Furthermore, in the room 9 established pressure via a line 24 for influencing the multiplier piston 15 be returned. Appropriately, this is done so that the line 24 the room 9 with that side of the multiplier piston 15 connects, at the smaller piston part 17 connects, ie with the annulus of the cylinder section 18 , The administration 24 can, as can be seen, a simple line without costly installations. It also automatically results in pressure regulation of the multiplier by the single pressure-regulating proportional valve 7 , which thus fulfills two functions simultaneously.

Although proportional valves 7 according to the prior art ( 1 ) are known with simultaneous control of the outflow and the pressure, is below for better understanding such on the basis of 1 to be discribed. Within a valve housing, a valve body is provided with two projections, of which the one projection the pressure by more or less largely releasing the line 11 to the pressure medium source P and the other projection the outflow of the pressure medium from the cylinder chamber 9 over the line 10 and steers toward the tank T. This means that when closing the line 10 by the projection then by further displacement of the valve member, the pressure in the cylinder chamber 9 over the the line 11 more or less releasing advantage can be set. Practically, therefore, this valve acts compared to an electronic circuit, such as a voltage divider with two given by the position of the projections resistors having a common center tap in the form of the line 6 have.

The Control edges can be mechanically connected or independent be from each other.

The switchable hydraulic connection of the line with the piston chamber of the drive piston 4 allows the drive piston 4 operate in differential circuit. This results in significant energy savings during relatively slow piston movements.

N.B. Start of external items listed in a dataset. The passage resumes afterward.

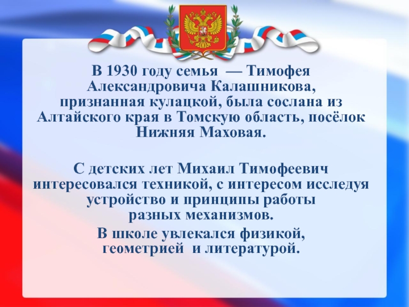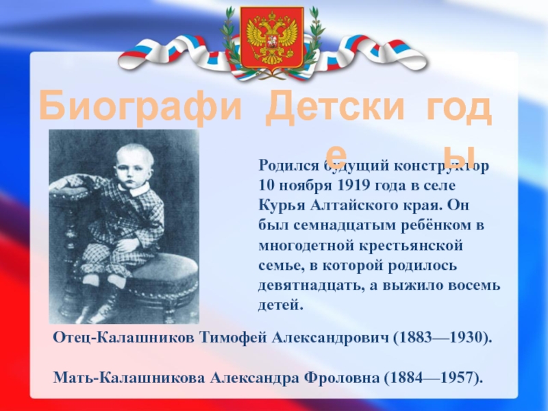 в которой родилось девятнадцать, а выжило восемь детей.Отец-Калашников Тимофей Александрович (1883—1930).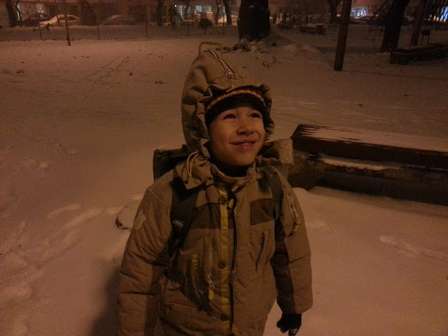 19 декабря снег начался, Мишу со школы забирала, все детей в охапку и быстрее домой. Детки радуются снегу, погулять просятся, обычно гуляют на площадке возле школы после уроков, а тут не-не-не, холодно, быстрее домой. В общем мы с Мишей одни гуляли, снеговика слепили - довольные.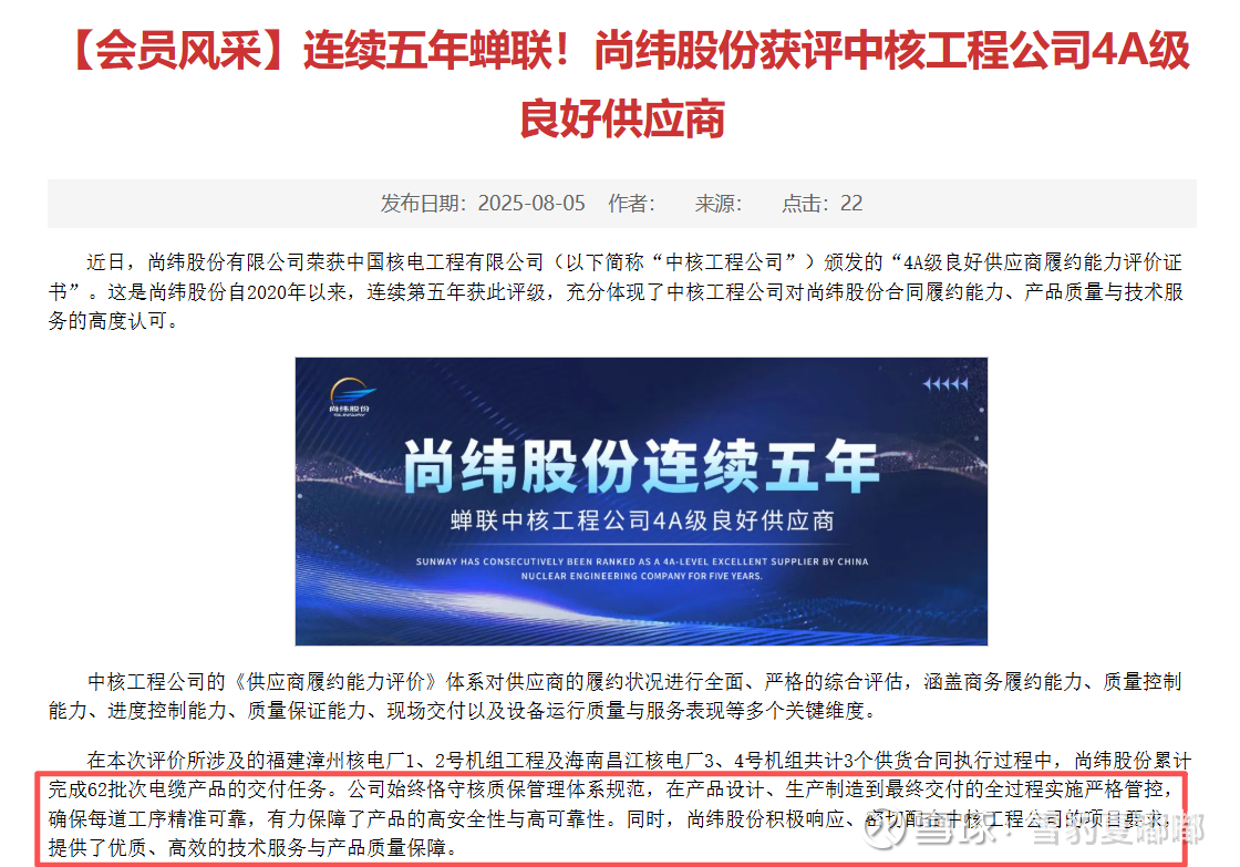总结:展望未来,虽短期经营承压,但尚纬股份凭借核电特种电缆领域的技术底蕴与产能提速潜力,已筑牢发展根基。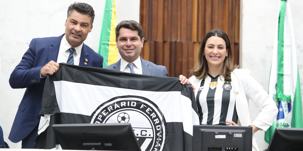 COM ASSESSORIAS - A deputada estadual Mabel Canto (PSDB), o deputado Marcelo Rangel (PSD) e o presidente da Assembleia Legislativa do Paraná, deputado Alexandre Curi (PSD), protocolaram nesta segunda-feira (31) uma menção honrosa ao Operário Ferroviário Esporte Clube. A homenagem reconhece a histórica conquista do título de campeão paranaense de 2025 pelo time ponta-grossense.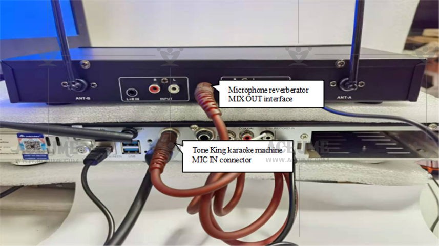 (1) Connect one end of the microphone cable to the MIC IN port of the player and the other end to the MIX OUT port of the reverberator. (Please watch the cable installation video)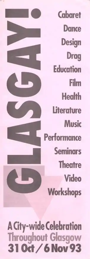 From 1993 to 2014 it was part of the diversity of Glasgow's cultural scene, an annual Lesbian, Gay, Bisexual and Transgender Arts Festival held usually in October/November, formerly organised by GALA Scotland Ltd.
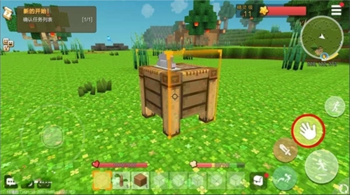 3、星球上有着各种资源,比如鸡、牛、羊等各种动物,不过要提醒一下,小伙伴们千万不要随意去挑衅大鹅。同时,我们在星球上也可以采集到各种资源,其中原木是最容易采集到的一种基础资源,而原木的采集也是非常简单,只要控制角色对木材不停攻击,就可以获得原木方块了。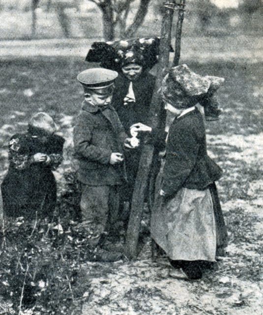 So hat die Sitte des Ostereierschenkens zu einer förmlichen Osterindustrie geführt, und in allen Häusern, wo Kinder sind, werden von geschickten und spendefreudigen Händen auch Ostergeschenke gemacht.“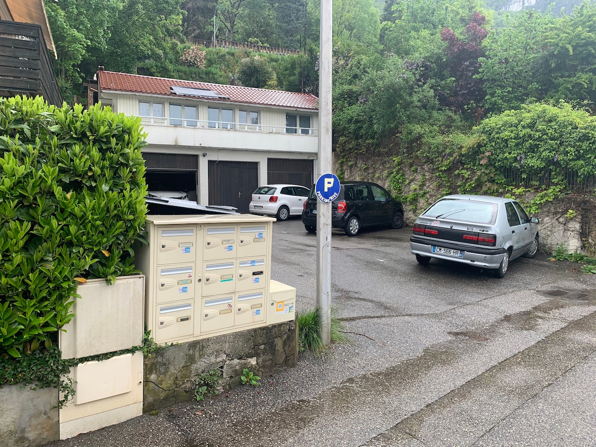 Ang apartment75m2, na kayang tumanggap ng 4–6 na bisita, ay may magandang tanawin ng lungsod at mga bundok sa paligid nito. Maganda ang lokasyon nito dahil malapit ito sa pedestrian zone kung saan madaling mapupuntahan ang lumang bayan at mga baybayin ng lawa. Isang mahusay na panimulang punto para sa mga tuklas at aktibidad na inaalok sa Alpine setting na ito na ang lungsod ng Annecy. Mga water sport, pagha‑hike sa bundok, pag‑akyat sa bundok, free flight, canyoning, pagbibisikleta, atbp.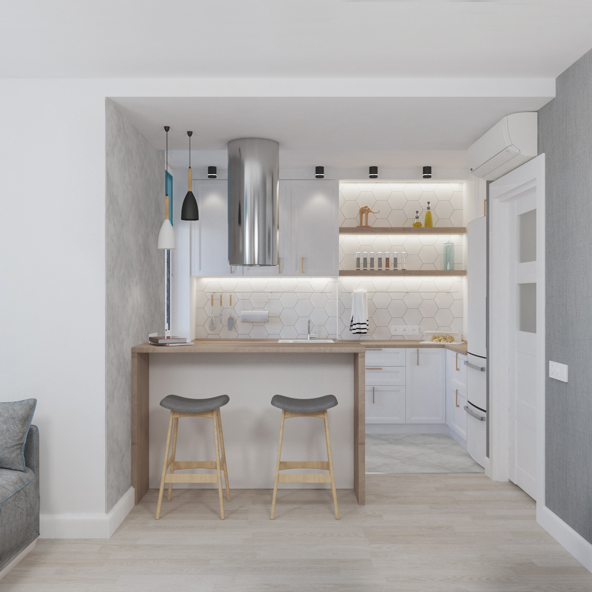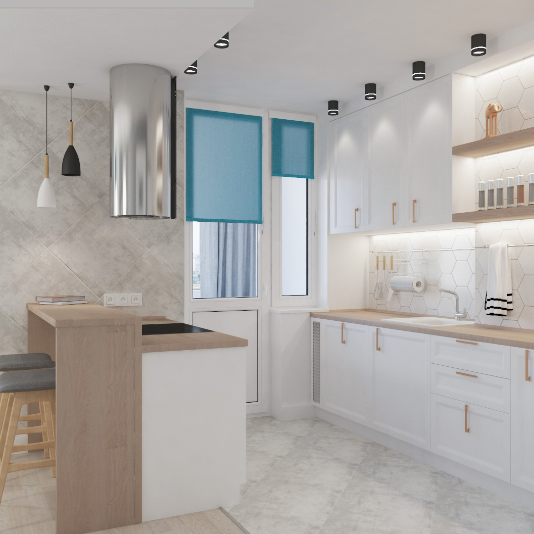 Стена над полуостровом отделана той же плиткой под бетон, что и пол в зоне готовки. Кухонный фартук оформлен белой плиткой в форме шестигранников с контрастной темной расшивкой.

A combination of two proportional valves 15 ' . 17 ' allowed over the connection line 10 both slow and fast movements of the drive piston 4 as well as the annulus pressure of drive pistons 4 and pressure intensifier to influence requirements. As a result, hydraulic valves can be used with functional nominal size, which greatly improves their dynamic behavior. The smaller and thus faster 3-way continuous valve 17 ' . 18 ' influences the drive piston speed in differential gear. The larger 2-way continuous valve 15 ' influences the fast piston movement. Both continuous valves 15 ' . 17 ' . 18 ' Together form a pressure divider, with the dress nere and thus faster valve 17 ' . 18 ' the pressure control takes over and the larger continuous valve 15 ' determines the base volume flow of this hydraulic circuit.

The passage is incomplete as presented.